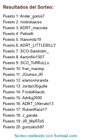 Lista de participantes: AaronAlv1507, Adribg2000, ADRT_LITTLEBILLY, ADRT_Ultimate13, Ander_goros7, elamormiranda, fran_maresp, Frodo84acdc, gonzaloch87, J_garate, JGomez-JR, Jordan35guille, JR_MaRToS, ADRT_macosta, miskoluaces, Nanomdz19, Pelizelli, RubenRace17, SCO_ToRRuLLo, SCO-Sandrolm_.
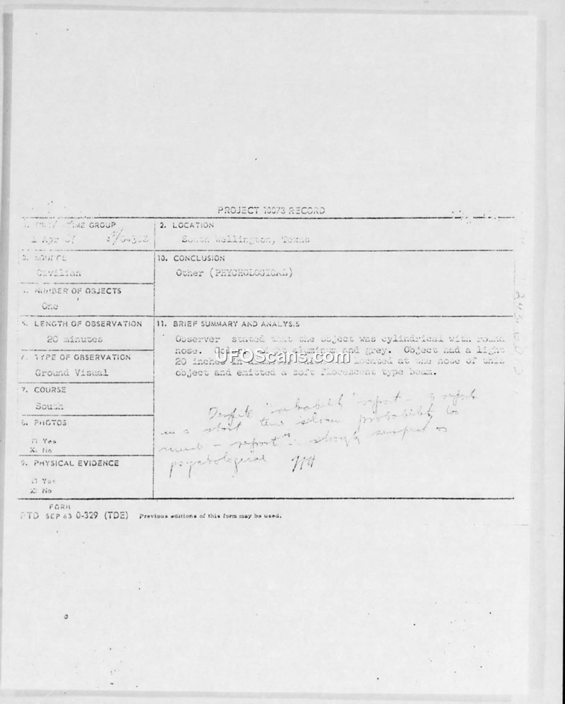 Project 10073 Record: Sighting Incident — Wellington, Texas, 1 April 1967
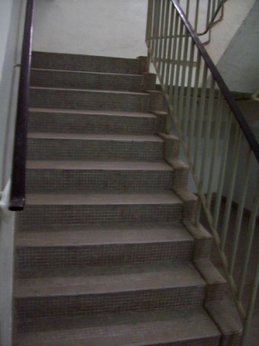 梯級每段10級踏板,較陡斜.兩旁有扁平扶手.底頂部無觸覺警告帶.
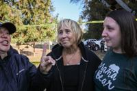 Karen Espersen, centre, the co-owner of Universal Ostrich Farms, speaks with supporters with her daughter, Katie Pasitney, at the farm in Edgewood, B.C., on Monday, Sept. 22, 2025. THE CANADIAN PRESS/Aaron Hemens
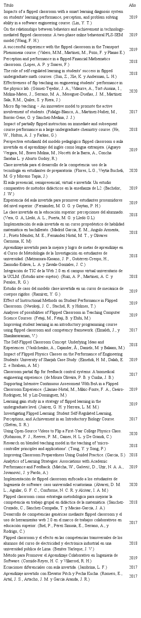 La segunda columna de la tabla 2 muestra los resultados de cada base de datos; la tercera columna muestra los resultados analizados, donde se consideró en la mayoría de las bases de datos los primeros 50, teniendo en cuenta la cantidad de resultados obtenidos y que los mismos se encuentran filtrados por relevancia. En el caso de Redalyc, se consideraron 72 resultados, ya que fueron incluidas aquellas disciplinas relacionadas con el estudio (educación, psicología, entre otros). En el caso de Science Direct, únicamente 43 resultados, que fueron los que cumplieron las siguientes condiciones: “Flipped Classroom” en título y abstract + “engineering” en texto completo.

__Try it__
Reproduce, exactly and only, the lines of the records above starting at the line with "梯級每段10級踏板,較陡斜.兩旁有扁平扶手.底頂部無觸覺警告帶." and ending at the line with "Karen Espersen, centre, the", both included. Leave every picture out.

__Response for this exercise__
 梯級每段10級踏板,較陡斜.兩旁有扁平扶手.底頂部無觸覺警告帶.
 Karen Espersen, centre, the co-owner of Universal Ostrich Farms, speaks with supporters with her daughter, Katie Pasitney, at the farm in Edgewood, B.C., on Monday, Sept. 22, 2025. THE CANADIAN PRESS/Aaron Hemens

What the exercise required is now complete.